#### The problem:
What follows is a set of records; copy all of it exactly.

[Stored entries]

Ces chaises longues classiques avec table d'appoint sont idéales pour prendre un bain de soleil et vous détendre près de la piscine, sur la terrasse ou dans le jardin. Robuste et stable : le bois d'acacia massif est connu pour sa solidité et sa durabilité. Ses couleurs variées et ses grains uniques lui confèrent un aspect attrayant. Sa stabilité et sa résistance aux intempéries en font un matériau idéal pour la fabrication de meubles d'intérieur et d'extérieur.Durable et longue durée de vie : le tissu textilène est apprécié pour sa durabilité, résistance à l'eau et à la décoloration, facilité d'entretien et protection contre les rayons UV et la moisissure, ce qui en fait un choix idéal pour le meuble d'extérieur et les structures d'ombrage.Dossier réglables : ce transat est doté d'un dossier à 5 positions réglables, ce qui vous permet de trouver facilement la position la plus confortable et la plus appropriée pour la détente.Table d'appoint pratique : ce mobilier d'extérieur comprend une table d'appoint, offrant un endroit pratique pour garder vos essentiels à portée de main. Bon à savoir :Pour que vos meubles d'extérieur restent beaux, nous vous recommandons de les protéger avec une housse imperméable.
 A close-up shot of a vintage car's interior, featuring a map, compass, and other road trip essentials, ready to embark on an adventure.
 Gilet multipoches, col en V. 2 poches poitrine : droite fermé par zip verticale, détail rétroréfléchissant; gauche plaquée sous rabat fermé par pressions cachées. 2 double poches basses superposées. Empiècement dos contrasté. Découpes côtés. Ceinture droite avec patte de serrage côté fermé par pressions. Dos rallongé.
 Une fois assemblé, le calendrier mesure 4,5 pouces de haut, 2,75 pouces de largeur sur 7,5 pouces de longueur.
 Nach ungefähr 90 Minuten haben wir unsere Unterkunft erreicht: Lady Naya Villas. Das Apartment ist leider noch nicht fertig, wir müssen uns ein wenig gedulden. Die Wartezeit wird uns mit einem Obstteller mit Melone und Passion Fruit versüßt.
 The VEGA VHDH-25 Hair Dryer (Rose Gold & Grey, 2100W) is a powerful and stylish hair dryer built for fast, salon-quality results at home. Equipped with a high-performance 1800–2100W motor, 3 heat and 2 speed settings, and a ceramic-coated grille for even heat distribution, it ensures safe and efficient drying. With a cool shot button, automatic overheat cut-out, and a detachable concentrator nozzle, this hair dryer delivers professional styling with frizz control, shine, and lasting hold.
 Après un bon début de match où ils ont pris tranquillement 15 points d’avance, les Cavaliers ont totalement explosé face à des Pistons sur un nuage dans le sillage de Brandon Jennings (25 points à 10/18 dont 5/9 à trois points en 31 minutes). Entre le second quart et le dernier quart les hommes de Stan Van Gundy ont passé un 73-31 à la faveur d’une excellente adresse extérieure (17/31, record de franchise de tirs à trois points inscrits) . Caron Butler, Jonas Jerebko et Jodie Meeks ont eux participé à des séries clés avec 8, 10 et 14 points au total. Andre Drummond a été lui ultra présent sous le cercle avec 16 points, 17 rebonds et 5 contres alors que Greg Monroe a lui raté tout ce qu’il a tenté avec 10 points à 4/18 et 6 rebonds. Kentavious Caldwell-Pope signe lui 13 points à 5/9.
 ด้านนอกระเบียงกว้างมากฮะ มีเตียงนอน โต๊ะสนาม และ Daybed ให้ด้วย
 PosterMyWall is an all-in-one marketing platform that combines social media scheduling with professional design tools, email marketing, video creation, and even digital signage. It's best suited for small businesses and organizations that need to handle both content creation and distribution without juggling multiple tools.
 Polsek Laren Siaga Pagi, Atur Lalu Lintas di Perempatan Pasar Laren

#### Solution:
Ces chaises longues classiques avec table d'appoint sont idéales pour prendre un bain de soleil et vous détendre près de la piscine, sur la terrasse ou dans le jardin. Robuste et stable : le bois d'acacia massif est connu pour sa solidité et sa durabilité. Ses couleurs variées et ses grains uniques lui confèrent un aspect attrayant. Sa stabilité et sa résistance aux intempéries en font un matériau idéal pour la fabrication de meubles d'intérieur et d'extérieur.Durable et longue durée de vie : le tissu textilène est apprécié pour sa durabilité, résistance à l'eau et à la décoloration, facilité d'entretien et protection contre les rayons UV et la moisissure, ce qui en fait un choix idéal pour le meuble d'extérieur et les structures d'ombrage.Dossier réglables : ce transat est doté d'un dossier à 5 positions réglables, ce qui vous permet de trouver facilement la position la plus confortable et la plus appropriée pour la détente.Table d'appoint pratique : ce mobilier d'extérieur comprend une table d'appoint, offrant un endroit pratique pour garder vos essentiels à portée de main. Bon à savoir :Pour que vos meubles d'extérieur restent beaux, nous vous recommandons de les protéger avec une housse imperméable.
 A close-up shot of a vintage car's interior, featuring a map, compass, and other road trip essentials, ready to embark on an adventure.
 Gilet multipoches, col en V. 2 poches poitrine : droite fermé par zip verticale, détail rétroréfléchissant; gauche plaquée sous rabat fermé par pressions cachées. 2 double poches basses superposées. Empiècement dos contrasté. Découpes côtés. Ceinture droite avec patte de serrage côté fermé par pressions. Dos rallongé.
 Une fois assemblé, le calendrier mesure 4,5 pouces de haut, 2,75 pouces de largeur sur 7,5 pouces de longueur.
 Nach ungefähr 90 Minuten haben wir unsere Unterkunft erreicht: Lady Naya Villas. Das Apartment ist leider noch nicht fertig, wir müssen uns ein wenig gedulden. Die Wartezeit wird uns mit einem Obstteller mit Melone und Passion Fruit versüßt.
 The VEGA VHDH-25 Hair Dryer (Rose Gold & Grey, 2100W) is a powerful and stylish hair dryer built for fast, salon-quality results at home. Equipped with a high-performance 1800–2100W motor, 3 heat and 2 speed settings, and a ceramic-coated grille for even heat distribution, it ensures safe and efficient drying. With a cool shot button, automatic overheat cut-out, and a detachable concentrator nozzle, this hair dryer delivers professional styling with frizz control, shine, and lasting hold.
 Après un bon début de match où ils ont pris tranquillement 15 points d’avance, les Cavaliers ont totalement explosé face à des Pistons sur un nuage dans le sillage de Brandon Jennings (25 points à 10/18 dont 5/9 à trois points en 31 minutes). Entre le second quart et le dernier quart les hommes de Stan Van Gundy ont passé un 73-31 à la faveur d’une excellente adresse extérieure (17/31, record de franchise de tirs à trois points inscrits) . Caron Butler, Jonas Jerebko et Jodie Meeks ont eux participé à des séries clés avec 8, 10 et 14 points au total. Andre Drummond a été lui ultra présent sous le cercle avec 16 points, 17 rebonds et 5 contres alors que Greg Monroe a lui raté tout ce qu’il a tenté avec 10 points à 4/18 et 6 rebonds. Kentavious Caldwell-Pope signe lui 13 points à 5/9.
 ด้านนอกระเบียงกว้างมากฮะ มีเตียงนอน โต๊ะสนาม และ Daybed ให้ด้วย
 PosterMyWall is an all-in-one marketing platform that combines social media scheduling with professional design tools, email marketing, video creation, and even digital signage. It's best suited for small businesses and organizations that need to handle both content creation and distribution without juggling multiple tools.
 Polsek Laren Siaga Pagi, Atur Lalu Lintas di Perempatan Pasar Laren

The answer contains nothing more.